Data section:
- Opening Delimiter -

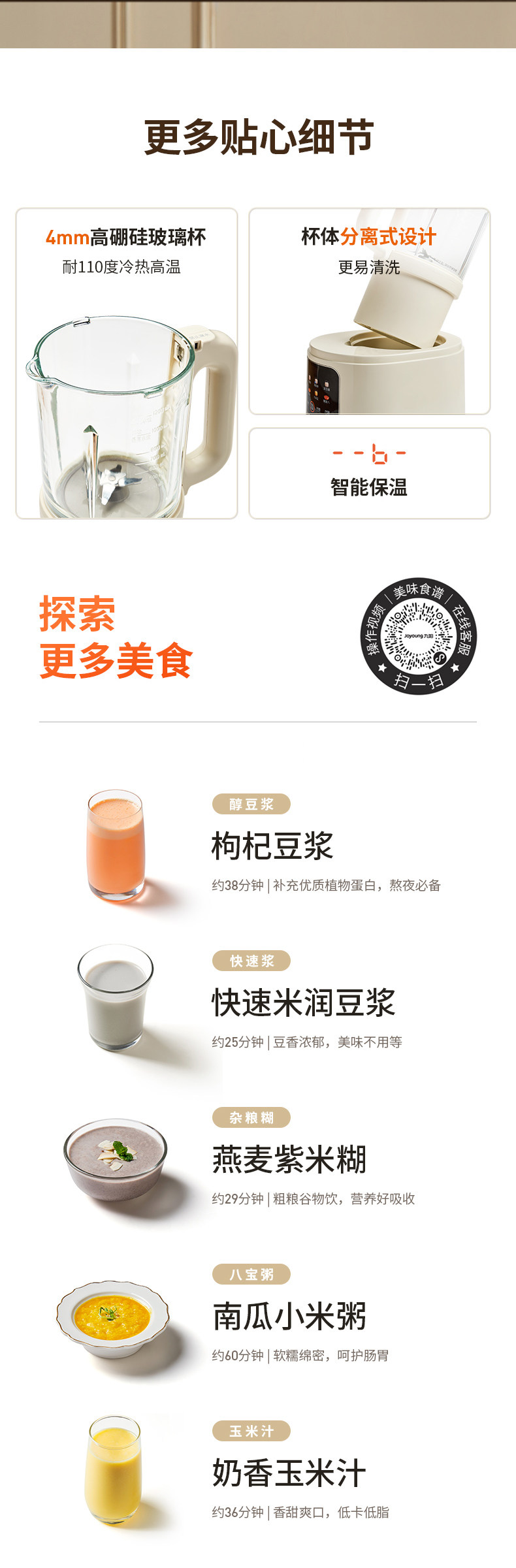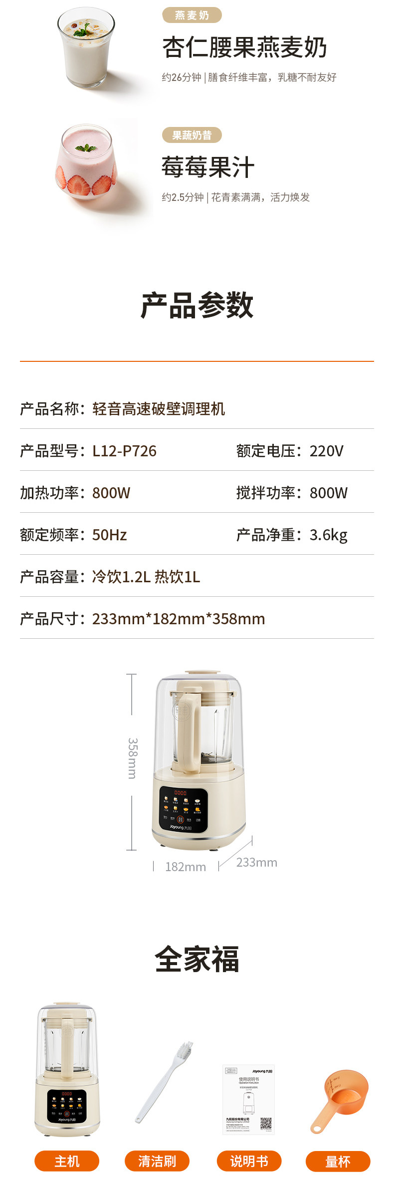 | Basic Functions | Milkshake,Crushed Ice,Heating,Drying,Soy Milk,Automatic Cleaning,Appointment,Insulation,Cooking,Complementary Food,Rice Cereal,Juicing,Intelligent Temperature Control |
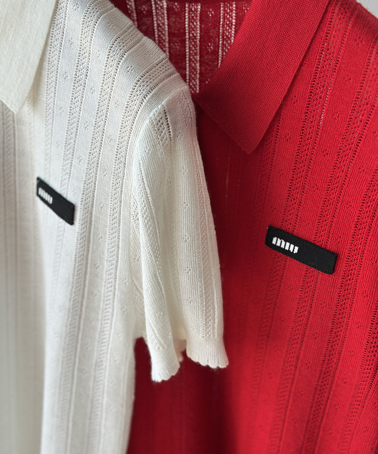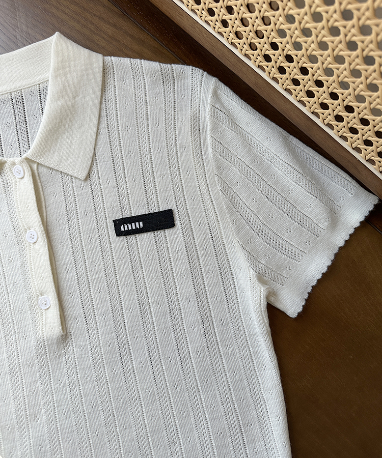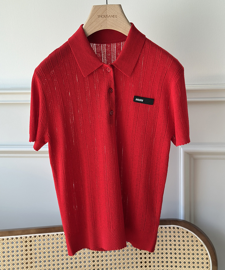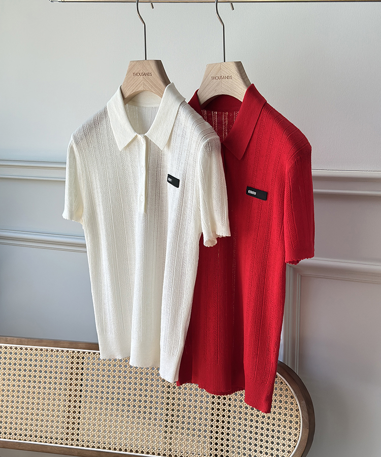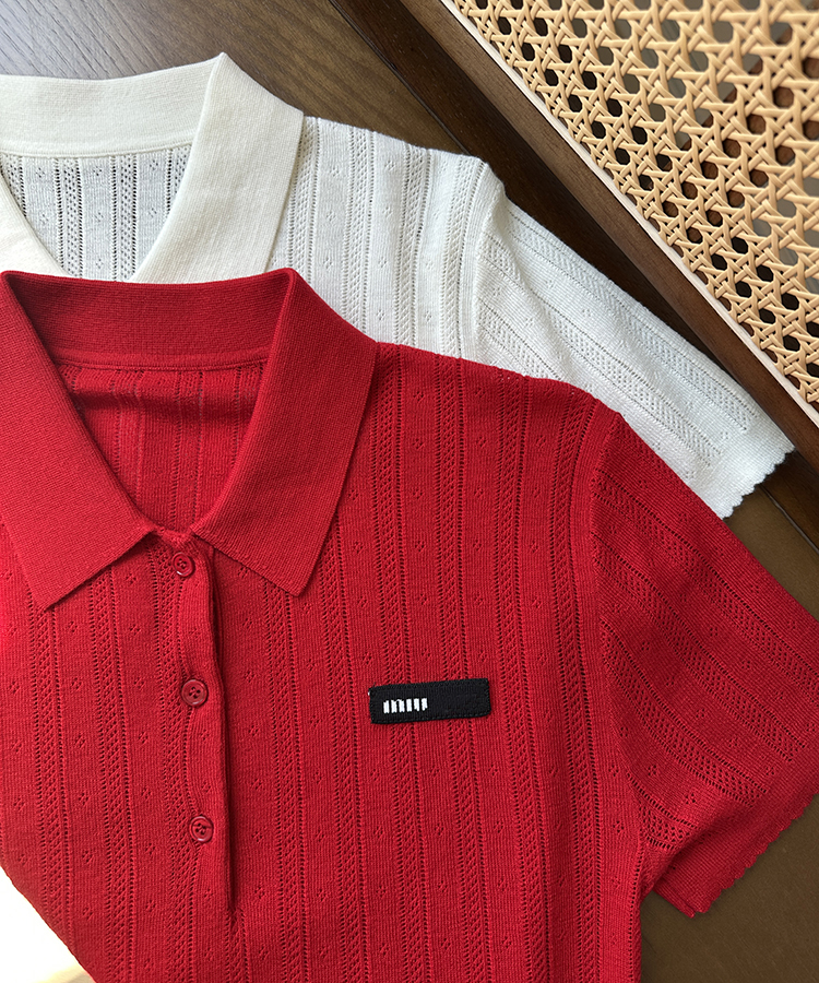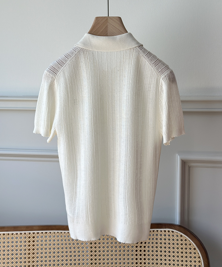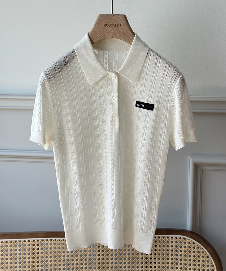 现货 THS-限时 缪家 翻领天丝羊毛针织镂空短袖上衣 2色 BH2597
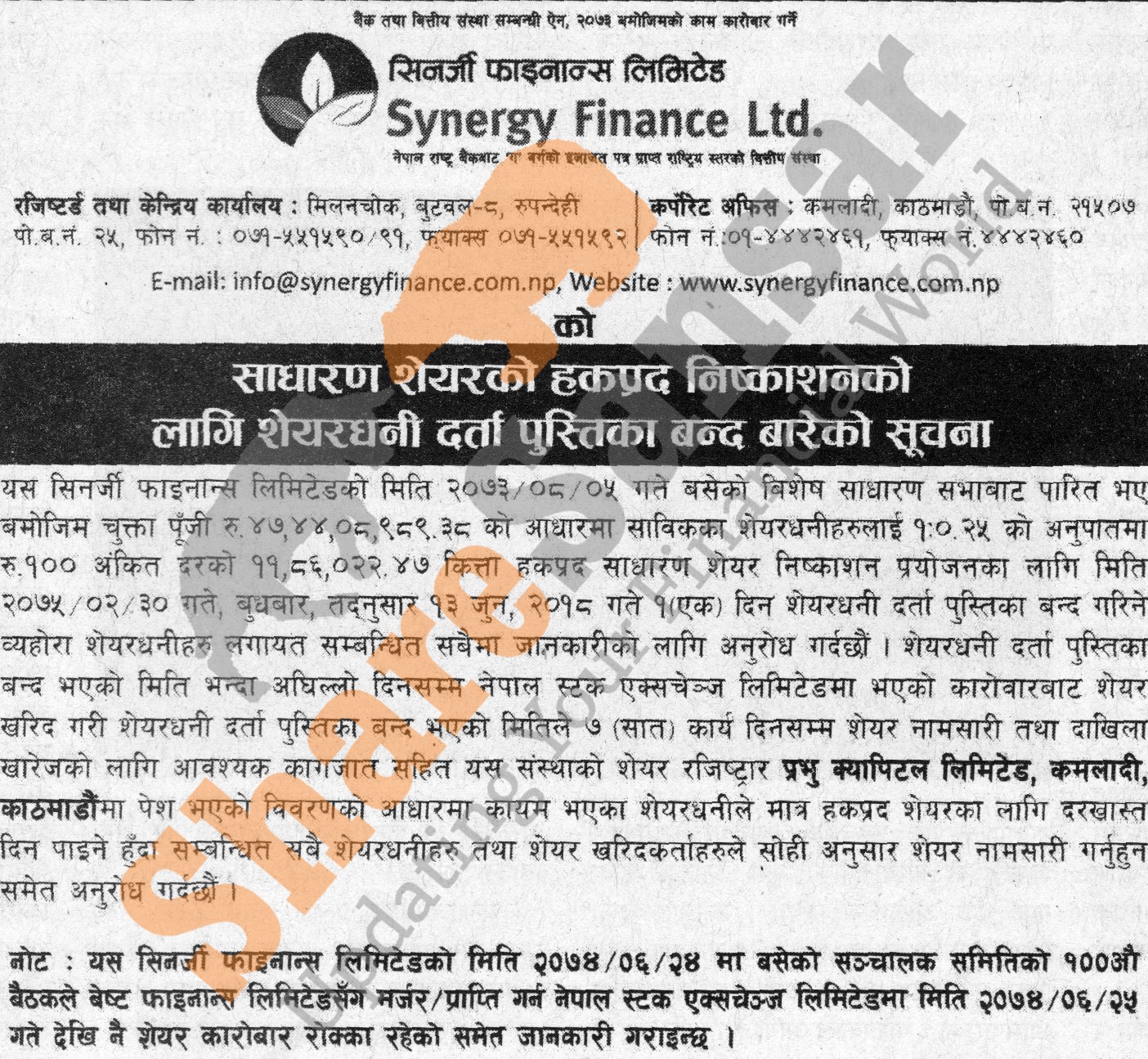 Synergy Finance Limited has announced a book closure date for its upcoming 1:0.25 ratio right share on 30th Jestha, 2075.

- Closing Delimiter -

Work item:
Exactly as written, restate the lines from the one that contains "现货 THS-限时 缪家 翻领天丝羊毛针织镂空短袖上衣 2色 BH2597" through the final line of the data, both ends included, but leave out the pictures.

Result:
 现货 THS-限时 缪家 翻领天丝羊毛针织镂空短袖上衣 2色 BH2597
 Synergy Finance Limited has announced a book closure date for its upcoming 1:0.25 ratio right share on 30th Jestha, 2075.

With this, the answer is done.